Intrinsic Semiconductor Conductivity Calculator

Calculator Inputs

Use cm-based mobility and density units. The calculator returns conductivity in both S/cm and S/m.

Temperature (K)

Band Gap E_g (eV)

Electron Mobility μ_n (cm²/V·s)

Hole Mobility μ_p (cm²/V·s)

Conduction Band Density N_c (cm^-3)

Valence Band Density N_v (cm^-3)

Electric Field E (V/cm)

Plot Minimum Temperature (K)

Plot Maximum Temperature (K)

Plot Points

Plotly Graph

The plot shows how conductivity and intrinsic carrier concentration vary across the selected temperature range.

Example Data Table

Material Case	Temperature (K)	Band Gap (eV)	μ_n (cm²/V·s)	μ_p (cm²/V·s)	n_i (cm^-3)	Conductivity (S/cm)
Silicon at 300 K	300	1.12	1,350	480	6.6759e+9	1.9574e-6
Germanium at 300 K	300	0.66	3,900	1,900	2.2586e+13	2.0988e-2
Gallium Arsenide at 300 K	300	1.42	8,500	400	2.1435e+6	3.0565e-9

Formula Used

Intrinsic carrier concentration

n_i = √(N_cN_v) × exp[ -E_g / (2kT) ]

Intrinsic conductivity

σ = q × n_i × (μ_n + μ_p)

Resistivity

ρ = 1 / σ

Current density

J = σ × E

Here, q is electron charge, k is Boltzmann’s constant, T is absolute temperature, E_g is band gap, N_c and N_v are effective density states, and μ_n, μ_p are carrier mobilities.

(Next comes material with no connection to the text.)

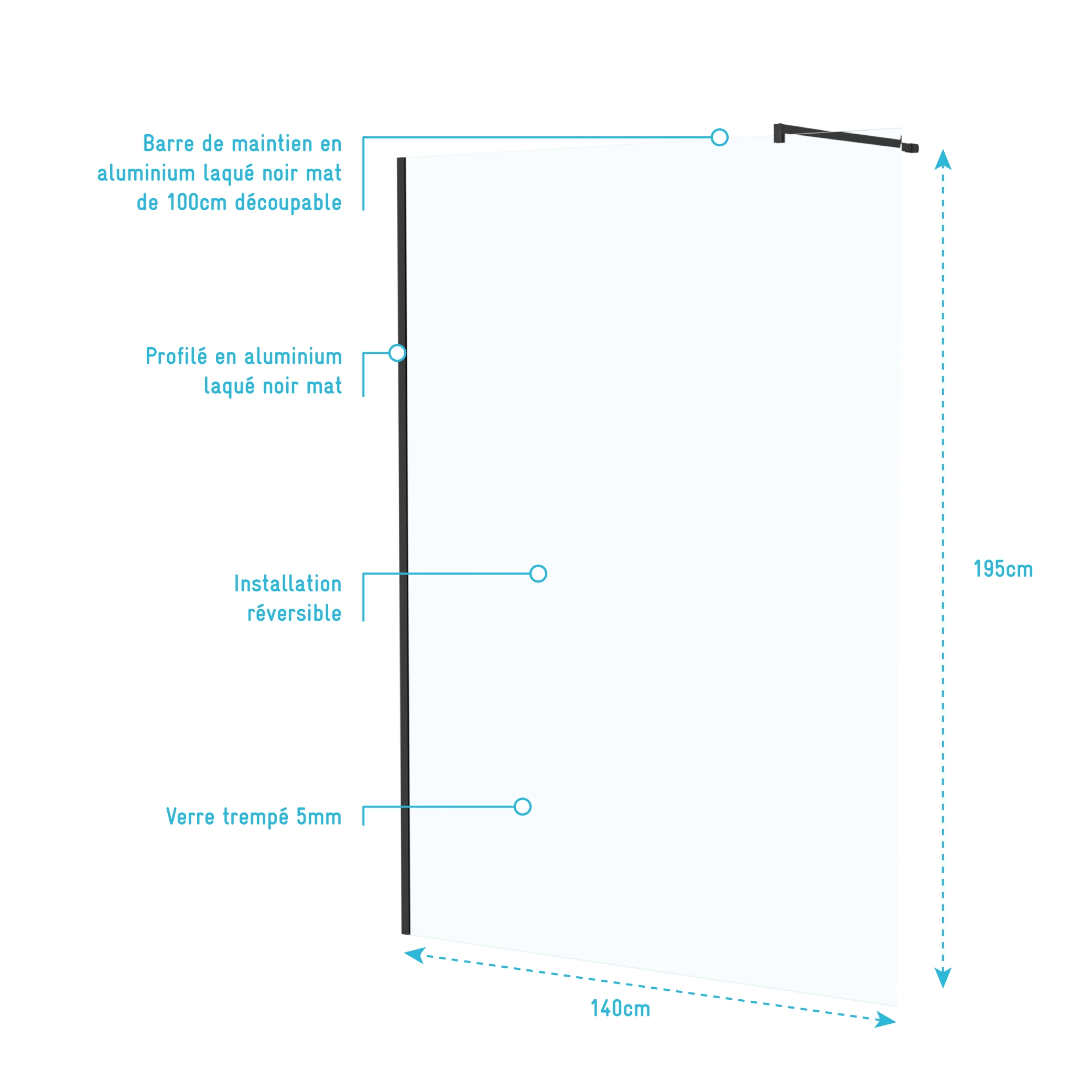 0 avis LEA Paroi de Douche 140x200cm - Verre Anticalcaire - Encadrement Ultra-Fin - Finition Noir Mat - LEA

This model is useful for estimating ideal intrinsic behavior. Real materials can deviate because of impurity levels, scattering changes, temperature-dependent mobility, and non-ideal band structure effects.

How to Use This Calculator

Enter the material temperature in kelvin.
Provide the semiconductor band gap in electron volts.
Enter electron and hole mobilities in cm²/V·s.
Fill in conduction and valence band density values.
Enter electric field if you want current density.
Set the temperature range for the graph.
Press Calculate Conductivity to show results.
Use the export buttons to save CSV or PDF copies.

FAQs

1. What does intrinsic semiconductor mean?

It means the semiconductor is pure and undoped. Electrons and holes are generated thermally, and their concentrations are equal under intrinsic conditions.

2. Why does conductivity increase with temperature?

Higher temperature creates more electron-hole pairs. This usually raises intrinsic carrier concentration strongly, which increases conductivity despite mobility changes.

3. Why are N_c and N_v needed?

They describe the effective density of available states in the conduction and valence bands. They help estimate intrinsic carrier concentration more realistically.

4. What units does this calculator use?

Temperature uses kelvin. Mobilities use cm²/V·s. N_c and N_v use cm^-3. Conductivity is reported in S/cm and S/m.

5. Can I use this for doped semiconductors?

Not directly. This page is built for intrinsic behavior only. Doped materials need donor, acceptor, and charge-neutrality relations.

6. Why is the result extremely small for wide band gap materials?

A larger band gap sharply reduces thermal carrier generation. That makes intrinsic concentration and conductivity much lower at the same temperature.

7. What does current density represent here?

It shows the expected conduction current per unit area under the entered electric field. It is calculated from conductivity multiplied by field strength.

8. Is this suitable for chemistry students?

Yes. It helps connect band gap, thermal activation, carrier mobility, and electrical response in a simple, visual learning format.